Several Semi-related Thoughts About Advertising


I'm back.  No one noticed I've not posted for several months.  No tears.  I'll continue talking to myself.  I do that a lot anyway -- or so my wife claims.  

I'm a collector of quotations -- probably because I've never felt accomplished enough to offer something stirring of my own.  It's okay.  I'm comfortable with that fact.  In my office, I have several files full of advertising quotations.  I review them regularly to stoke the fires of my creative idealism.  Here are four that happen to strike my fancy at this particular moment.


From the 1957 Yale Baccalaureate Address:


"Could a commitee have written 'The Odyssey,' or Warhol's soup cans been painted by a club?  Could the New Testament have been composed by a conference?  Creative ideas do not spring from groups.  They spring from individuals."
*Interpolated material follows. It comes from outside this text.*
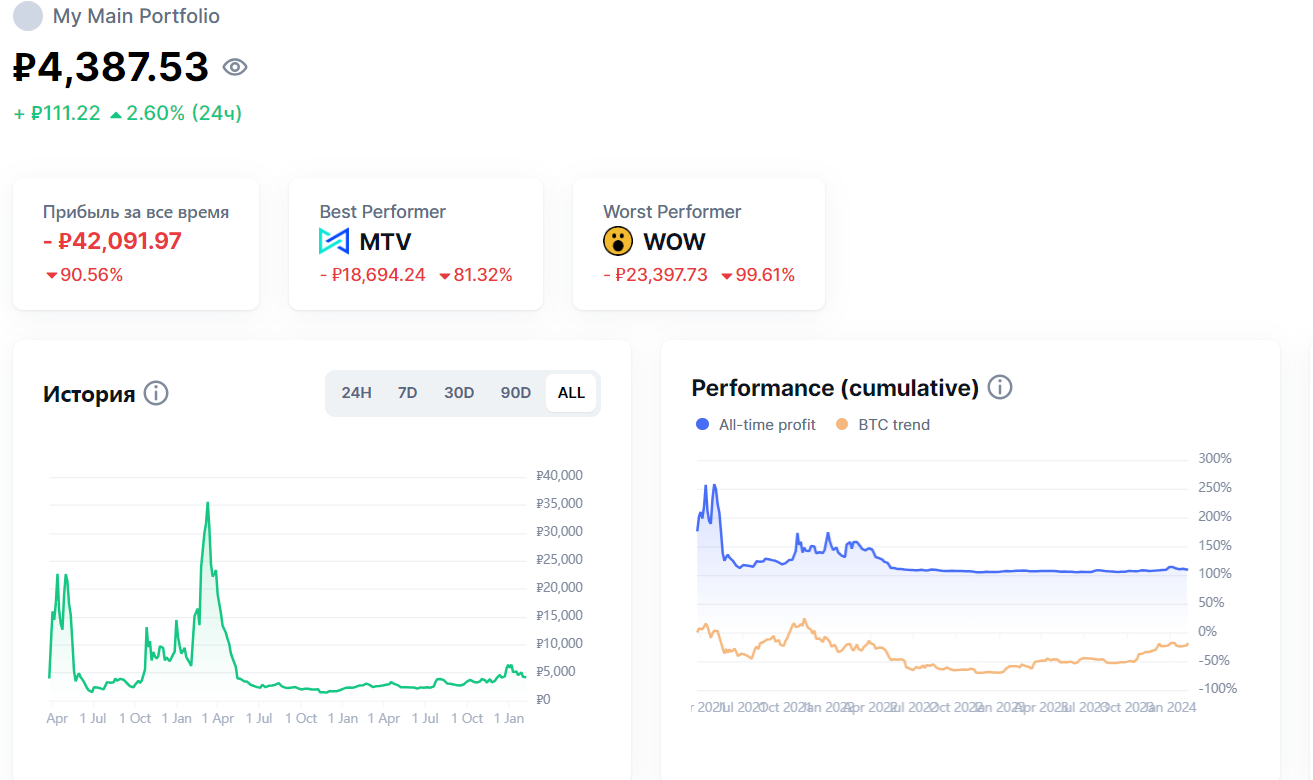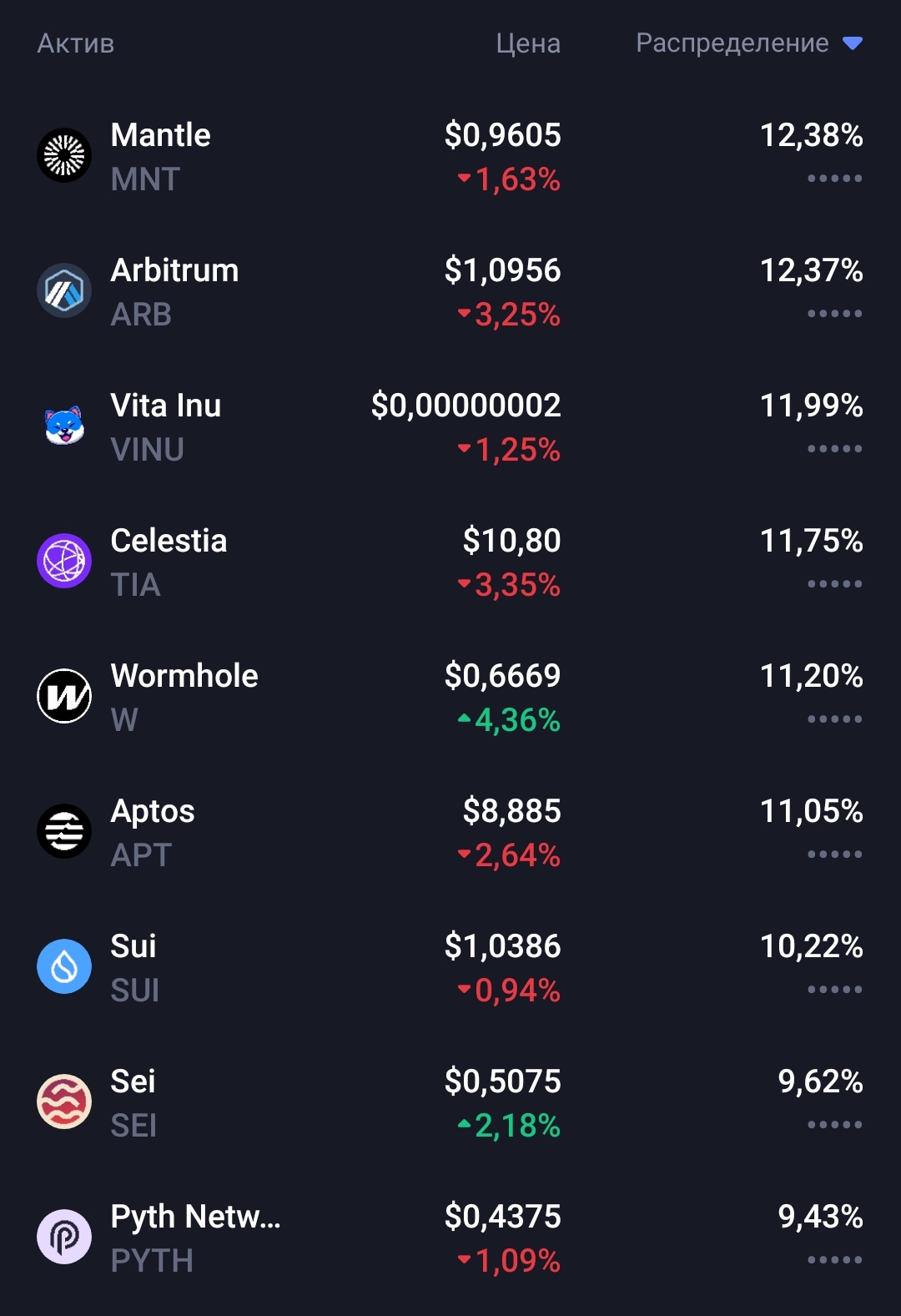 https://dropstab.com/p/x1yxl0i2wo Мой бомж портфель. Каждый день покупаю новую монету на 1 бакс с начала 2024 года. Фиксирую половину если цена достигает х2, х4, х8 и т.д. После 120ткупленных монет буду усреднять каждый день то что больше всего упало. С нового года буду увеличивать стоимость ежедневной покупки

From Bill Bernbach, advertising icon and DDB founding partner:


"I have spent so much time urging freshness and originality, let me quickly add that doing it differently is not enough.  The pre-eminence of creativity in advertising  is not a license to be pretentious, or to put it as unpretentiously as I can, it is not a license to be phony, to do abstract acrobatics.  Your job is to simplify, to dramatize, to use all your taqlents to make crystal clear and memorable the message of the advertisement.  Yes, your ad ought to make noise, so that it will get noticed, but not a senseless noise."


From Jim Riswold, Creative Director at Weiden & Kennedy:


"Noise is nothing but shouting.  Shouting has been, is, and always will be a fail-safe recipe for bad advertising; it's hollow, braggadocio, vain, boorish, rude and a complete waste of time.  It doesn't care about the consumer.  The best advertising is, if you enjoy fancy terms, a symbiotic relationship, or if you prefer simple terms, a friendship between a brand and a consumer."


From Thelonious Monk, famed jazz musician and "beatnik:"


"I take risks.  The only cats who are worthwhile are the ones that take risks."